Stranger’s life-saving gift puts GR man back in the race

Man with rare blood cancer returns to Fifth Third River Bank Run

Perry Cheathem trains for Fifth Third River Bank Run's 10k event. (May 10, 2016)


GRAND RAPIDS, Mich. (WOOD) — A Grand Rapids man who feared his running days were over will be back toeing the line of the Fifth Third River Bank Run Saturday, thanks to a stranger’s life-saving gift.

Perry Cheathem had participated in the Fifth Third River Bank Run and other races for nearly a decade. Then in August 2014, something changed.

“I ran the Crim, the Flint Crim, and I kept slowing down each mile and I wasn’t sweating, Cheathem said. “The next couple of days I started to swell up, and that’s when I knew something wasn’t right.”

A second trip to the emergency room resulted in a quick yet frightening diagnosis for Cheathem.

Perry Cheathem trains for Fifth Third River Bank Run's 10k event. (May 10, 2016)
Perry Cheathem trains for Fifth Third River Bank Run’s 10k event. (May 10, 2016)

“They did a biopsy of some of my lymph nodes and they concluded it was cancer,” he explained.

Cheathem had T-cell non-Hodgkin lymphoma, which is a rare form of blood cancer.

“One of the first things the doctors tell you is not to look it up on the Internet.

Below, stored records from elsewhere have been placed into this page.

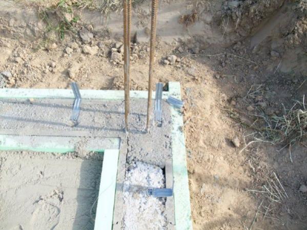 das wird mal eine Betonstütze in der Hausecke, jetzt ist es Dämmung mit Baustahl bevor die Bodenplatte betoniert wird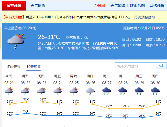 據(jù)深圳氣象臺預(yù)計,21日~22日,深圳多云,局地易出現(xiàn)雷陣雨,風力持續(xù)微弱,部分時間還有輕霧或霾,能見度較差。其中,21日早晚濕度大,有輕霧,中午以后濕度有所下降,大部分地區(qū)輕霧會轉(zhuǎn)成輕度灰霾。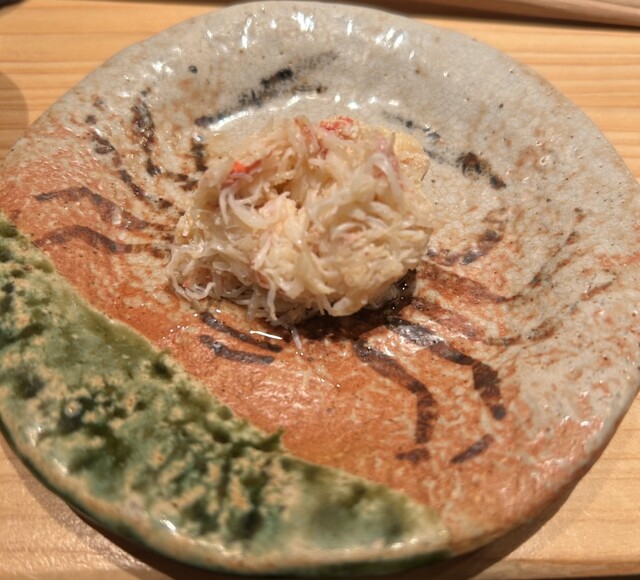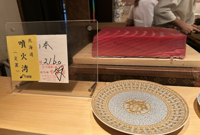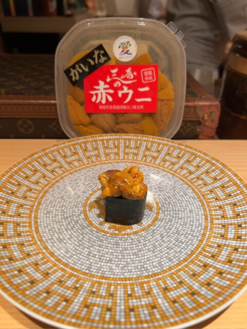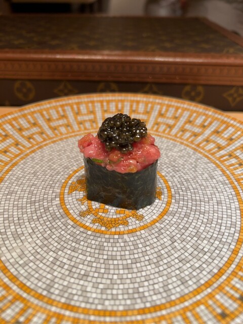 メイチダイ、牡蠣(または赤雲丹)、毛蟹、シンイカ、バフンウニ、黒あわび、さんま、水菜のオリーブオイル/塩昆布、太刀魚/山わさび、新イクラ、岩もずく、からすみ餅、中トロ、赤身の漬け、松茸の土瓶蒸し、ねぎとろキャビア軍艦、タコ、車海老、金目鯛、鮑の肝ご飯、鯵、雲丹軍艦、雲丹、鰻キュー巻き

Of course, that’s the first thing I do,” said Cheathem.

“It’s scary,” said Cheathem’s wife, Chris. “I think he’s had some pretty hard days and it’s been tough.”

The prognosis wasn’t good; Cheathem said his chances of survival were very, very low.

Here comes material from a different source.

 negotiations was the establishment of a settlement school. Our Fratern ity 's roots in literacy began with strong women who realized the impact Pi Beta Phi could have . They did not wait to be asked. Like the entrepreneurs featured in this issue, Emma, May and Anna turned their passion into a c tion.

Perry Cheathem takes a break from training for Fifth Third River Bank Run's 10k event. (May 10, 2016)
Perry Cheathem takes a break from training for Fifth Third River Bank Run’s 10k event. (May 10, 2016)

He went through nearly a year of chemotherapy and nearly lost a leg from an infection his depleted immune system couldn’t fight. Cheathem’s last hope was a bone marrow or stem cell transplant.

“For these patients that need these bone marrow transplants, about 70 percent of the patients are not going to find a matching donor in their family,” said Caitlin Regan with Michigan Blood.

Without a family match, Cheathem turned to Michigan Blood and national bone marrow registry, Be The Match.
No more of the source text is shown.